According to Standard and Poor's, the current U.S. MLP market tops $100 billion, and the number of these specially-structured entities has doubled over the past seven years. MLPs operate fairly independently, financially speaking, from common stocks and bonds, making them a good choice for portfolio diversification. One of the reasons for the popularity of the MLP is that in general, it dependably produces a higher yield than common stocks due to tax regulations that require 90 percent disbursement of earnings.

Record Keeping Challenges

MLP investors must keep meticulous records of each quarterly distribution they receive during any given tax year. Each distribution affects the investor's return of capital, reducing the underlying cost base of the investment, and the investor must adjust his records accordingly. Once the ROC for a particular investment is reduced to zero, income from the MLP is taxed as a capital gain. Therefore, accurate records are essential if an investor wishes to glean the full tax advantages of an MLP investment.

Tax Reporting Challenges

Another downside of investing in an MLP is the challenge of tax reporting. While, as a partnership, an MLP does not pay corporate income taxes, investors must pay taxes on the quarterly dividends they receive. MLPs issue IRS K-1 forms to investors in place of corporate 1099-DIVs, but do not have to send them out until March 15, giving investors little time to incorporate this information in their tax returns.

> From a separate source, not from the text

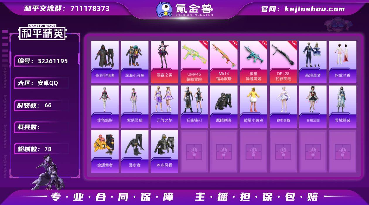 M1046849【身法号1粉装-4特效枪奇异狩猎者,深海小丑鱼】安卓手Q-1粉装-4特效枪-66套装-78枪皮-3王牌印记-荣耀皇冠Ⅳ-21458热力值【1粉装】角色-罪夜之冕【4特效枪】Mk14-福马献瑞[5级],DP-28-豹影疾电[5级],UMP45-萌骑冒险[2级],蜜獾-异瞳寒姬[4级]【7稀有】奇异狩猎者,深海小丑鱼,S686-奇异狩猎者,M24-奇异狩猎者,汤姆逊-奇异狩猎者,M762-奇异狩猎者,AKM-缤纷海域【8飞行器】绝对恒星飞行器,鸡智如我飞行器,炫彩糖果飞行器,狂鲨锋刃飞行器,异域银装飞行器,马上有福飞行器,登顶巅峰飞行器,极意拳锋飞行器【1头盔】幻影战神头盔【1背包】深海小丑鱼背包【132其它衣服和枪皮】黄色运动,马上有钱,破晓战魂,狙击之神,SS37特训,夏日倾情,SS34特训,雪国风尚,元气之梦,青翼流星,破蛋小黄鸡,擎苍青焰,贵族骑装,街头风暴,柠萌假日,完美偶像,冰冻风暴,元素星魂,红色运动,幻影武者,旭日情侣,朱霞炽焰,阳光火鸡,猛禽,炫彩糖果,午间小调,角色-绯色魅影,白色伏地魔,幻世保卫者,特训学院,竞技名士,狂鲨锋刃,琴音绮想,异域银装,错位像素,长空猛禽,海岛探路者,画境星梦,绮丽涂鸦,金耀舞者,漫步者,SS36特训,白糯汤圆,角色-都市丽猫,风迹短诗,黑色伏地魔,凌霄紫焰,书海巡游,阳光菠萝,湖蓝色名流,角色-紫俏灵猫,蓝调潮人,荧光像素,薄荷星砂,萌鸡速递,鹰眼刺客,粉黛兰香,SS35特训,秘语星愿,蓝色运动,猎鹰,魅力单车,蓝彩潮人,突击盾牌-绝对恒星,Famas-霓彩脉冲,AUG-紫晶流影,SVD-霓彩脉冲,DBS-风迹短诗,P92-凌霄紫焰,UZI-炫彩糖果,JS9-凌霄紫焰,AKM-霓彩脉冲,Mini14-穿刺龙虾,平底锅-画境星梦,汤姆逊-像素花束,MP5K-画境星梦,燃烧瓶-福马献瑞,Mk14-薄荷星砂,蜜獾-风迹短诗,PKM-荧光像素,AUG-冰晶雪宝,GROZA-福马献瑞,UZI-影袭,汤姆逊-错位像素,M416-错位像素,12-风迹短诗,M1加兰德-画境星梦,UMP45-夜灯,GRO

In contrast, 1099-DIV forms must be sent out by January 31. Additionally, larger investors may be required to report MLP distributions in the state where the MLP is located.

Challenge Mitigation

Many MLPs make K-1 information downloadable directly into an investor's tax preparation program, simplifying the reporting process. Those investors who still find the K-1 daunting can purchase MLP shares as exchange traded funds (ETFs), mutual funds or closed-end funds. Each of these structures carries additional costs that translate to lower yields than directly purchased MLP stocks, but tax reporting is done via the traditional form 1099, bypassing the more complicated K-1 format.